At the Digital Leadership Forum, Klaus Kraigher, Head of Communication at Energie Agentur Österreich, will chair a roundtable discussion on podcasts. Volker interviewed Klaus and asked about his experiences with their podcast Petajoule.
Can you tell us a little bit about your podcast,
the content and strategy behind it?
We see our podcast Petajoule as a tool to address our stakeholders. The aim is to reach Austrian decision makers in the energy sector.
As you can easily imagine, these decision makers are much sought-after people, all of them confronted with an overwhelming amount of information, but they have little time. So another evening event with panel discussion was not an option for us and we had to look for more innovative methods.
We would like to reach these people with highly complex and often controversial topics and draw their attention to the Austrian Energy Agency, its services and experts. And we would like to do this when the target group is receptive to it.
This is why we have taken the Austrian Energy Agency’s strategy “We provide answers for a climate-neutral energy future” literally and launched Petajoule – the first Austrian podcast on energy.
How does the production process work in your organization?
We started in 2019: From the logo to the editorial plan, we did everything in-house and then launched Season 1. In 2020 we decided to do another season due to the success. Our goal is to produce about 10 episodes per season.
The most time-consuming part is often the search for a recording date with our guests. Of course there is also a lot of brain power in the conception of the episodes, the creation of a rough outline of the discussion and the briefing with guests. The recording itself takes about an hour and it takes place in our office, in any meeting room that is currently available. For the editing, processing, putting online and answering comments, as the podcast is now well shared, we need a maximum of two days.
What are your top tips for organizations considering a podcast?
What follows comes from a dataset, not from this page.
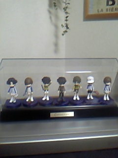 いえね、昨日のフィギュアを入れる為のフィギュアケースを探してたんですよ。(しかもコレ、だんなが「ケースがあった方がええんじゃない?」と言ってくれた^^どんだけオープンヲタになったんだ、わたしは・・・)でね、はじめ百均に行ったんですよね。そしたらサイズ的にいいのがなくって、そのショッピングセンターのヲタク系ショップ(フィギュアやラジコンやらカードやらが売ってあるお店)に、行って見ました。その間、だんなはコリをほぐす為にリラクゼーションショップに行ってたので、わたしと息子の2人で行きました。が、そのブースに入ると息子は一目散にムシキングのゲームに行ってしまい、わたしはおどおど店内を物色・・・。すると店員さんが、話しかけたそうにウロウロしてたんですよ。チラっと見るとそのあまりのアキバ系さに、わたしちょっと引き気味に(笑)そしたら、「何かお探しですか?」と声を掛けられまして。どうしようかと思ったけど、こんな面白そうな事はそうそうないかもと思い、「フィギュアケースを探してるんですけど・・・」と言ってみました。するとね、「こちらですねー・・・」から始まって、ベラベラと説明を始めてくれたんだけど、喋り方がおかしくておかしくて!!!!!(ひぃー)あまりに面白いので「このケースの中板は可動式ですか?」とか「これより小さいケースは?」とか質問してみたの!そしたらさー「これより小さいのは・・・とか言われても僕もこまっ、困るんですけど・・・っ、ま、ここにあるだけだと思ってくれれば、まち、間違いないと思いますっ」ってさー、すっげー早口で挙動不審に・・・でも笑顔で話してくれてさー(笑)イマイチ、こう文章にすると面白みが伝わらないんだけど、なんか貴重な体験をしましたvvんで、高かったら買わないつもりだったから「今日は見るだけのつもりなんです」って言ってたんだけど、ちょうど値段的にも大きさ的にもいいやつがあったから結局レジに持っていったらさー、「あっ、あっ、今日は、見るだけって言って・・・あっ・・・買われるんですねっ・・・あの、このサイズから集められて増えてきたら大きなケースでフルコンプとか・・・されたら・・・あはは」とかまたすげー早口なんだよ!(笑)でもね、「ま、お子さんが集められてるんでしょうけど・・・」って言われた(笑)すんませんが、わたしなんですけど^^でもよかったよ、ヲタクの人にヲタクって思われなくてvvで、買ったケースに早速フィギュアを入れてみました♪計ってないのにピッタリJ-miniが7体入ったよーっ^^↓こんな感じです!

Think carefully about who you want to address and whether you have content for this target group or how complex it is to create this content. The Austrian Energy Agency, for example, has around 80 employees from a wide range of disciplines who provide scientific advice to politics, business, administration and international organisations. We can therefore access a wide range of projects, papers as well as studies and use this knowledge for the podcast. This works well because we explicitly address a expert audience. If, on the other hand, you have to research each episode of a podcast from scratch, and perhaps also produce it in a more entertaining way for a broad audience, the effort increases enormously.
Another important point: Define a communication strategy or measures to make your podcast known to the desired target group.
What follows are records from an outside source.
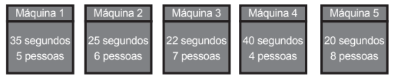 Em um aeroporto, os passageiros devem submeter suas bagagens a uma das cinco máquinas de raio-X disponíveis ao adentrarem a sala de embarque. Num dado instante, o tempo gasto por essas máquinas para escanear a bagagem de cada passageiro e o número de pessoas presentes em cada fila estão apresentados em um painel, como mostrado na figura.
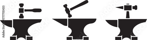 Blacksmith Anvil Hammer Silhouette Set Smithy Tool Forging Workshop Equipment
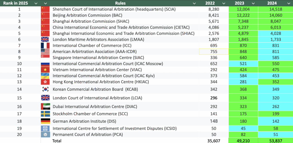- Outside of China, the Stockholm Chamber of Commerce (SCC), the International Centre for Settlement of Investment Disputes (ICSID), and the Vietnam International Arbitration Center (VIAC) have shown steady growth.

A podcast lives from authenticity and in our case from in-depth expert know-how. A little slip of the tongue and a few “uh’s” are ok. We only cut larger verbal mishaps. And: Think carefully about how you deal with approval processes – because subsequent change requests are difficult to implement.
Which equipment are you using for the podcast?
We use USB-Micros, which we have ordered from Amazon, and Adobe Audition. Important is the podcast hosting platform, were we rely on Podigee.
Thank you, Klaus, for the interview.